Shooting everything in your way is as easy as pulling the triggers on your Move controllers, but the movement system hampers the experience due to artificial constraints. Half the combat has the on-rails feel of an old arcade game, because you don’t have free movement. The other half is going to specific points in the environment by looking in that direction and pressing a button. These preset locations often offer cover, but don’t let you go backward to previous spots for a better vantage point, sometimes leaving your flank exposed. Speaking of cover, enemies don’t always make the best use of it, and combat feels like you’re on a moving walkway flanked by target-practice dummies.

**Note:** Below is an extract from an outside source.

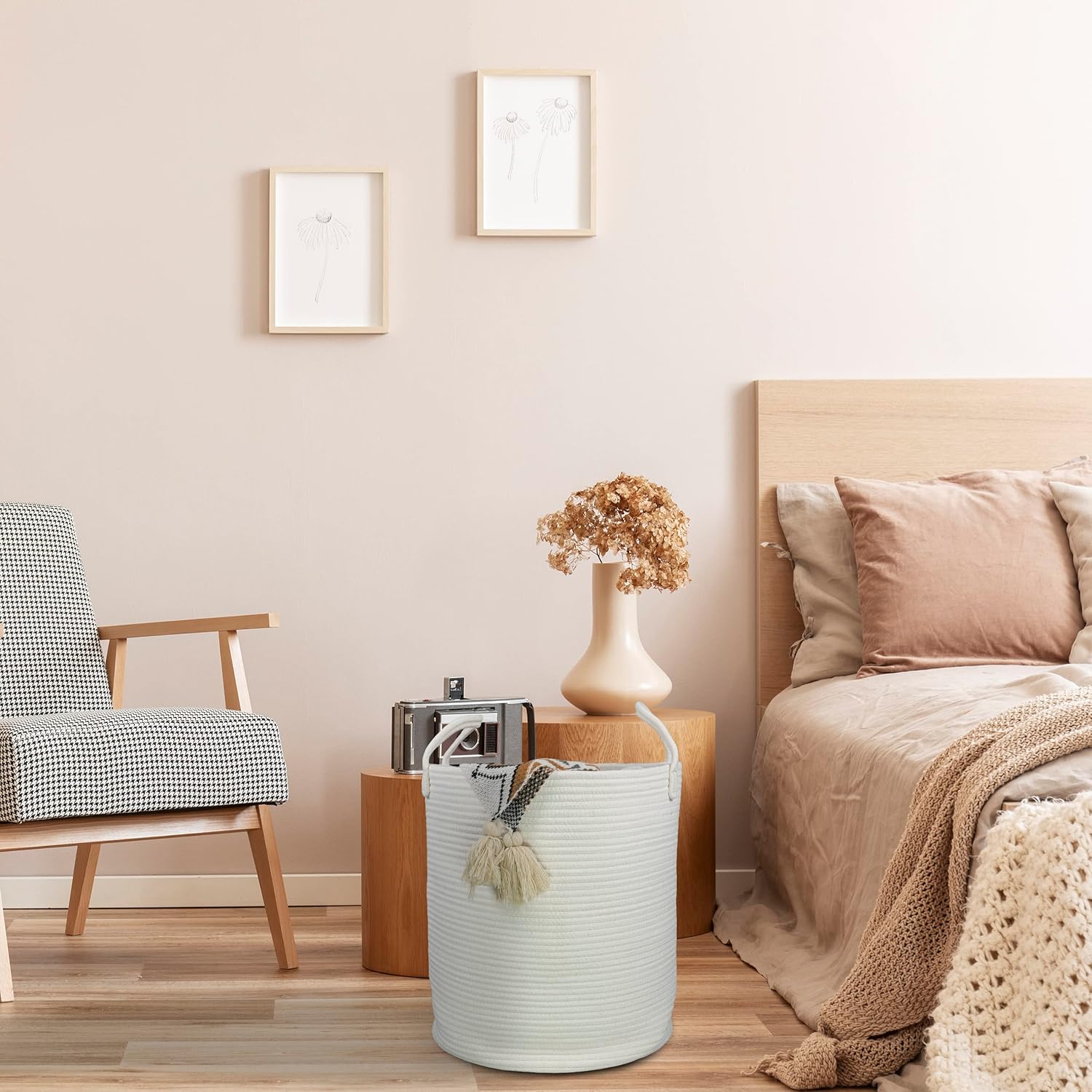 • Designed to complement your room and decor: We have carefully selected classic solid colors for these rope basket bins or hampers for laundry. With these colors, the laundry hamper will look good in any room of your home. This tall round rope blanket storage basket enhances any room or decor. It is perfect for bedrooms, bathrooms, and dorm rooms. These aesthetic rope baskets or hampers for bedroom are essential items for your daily storage needs, helping keep your room clean and organized.

I like the way Blood & Truth uses VR in a few novel ways, like reloading by touching the bandolier on my chest to get a new magazine, and then bringing my hands together to slide it in. Likewise, the first couple of times rerouting a fuse to open a secure door, climbing a building scaffold, or even commanding a pair of DJ turntables are mildly amusing, but these are relatively minor tasks that don’t sustain interest in VR any more than they would in real life.
Reloading gestures sometimes not registering in the heat of battle, the movement limitations, and bullet/aiming detection not functioning properly at times stress the already simple point-and-shoot gameplay, leaving even less to enjoy.
The title’s most consistent strength is not its gun gameplay, but its voice-acting. The characters aren’t revelatory, but the performances at least (in most cases) give the game something dependable. This is particularly important since even though Blood & Truth is predominantly a carnival shooter, you spend a decent amount of time watching the story unfold. Still, while there are plenty of swear words and tough-guy attitudes, the plain gunplay does not pair up with the tale of rival gangs to amount to a fully realized world. Instead, it’s like watching a series of cutscenes leading you to the next action setpiece.
Blood & Truth has some of the elements of the breezy English gangster flicks we’ve effortlessly enjoyed on the silver screen, but it lacks enough style and substance to make the formula work.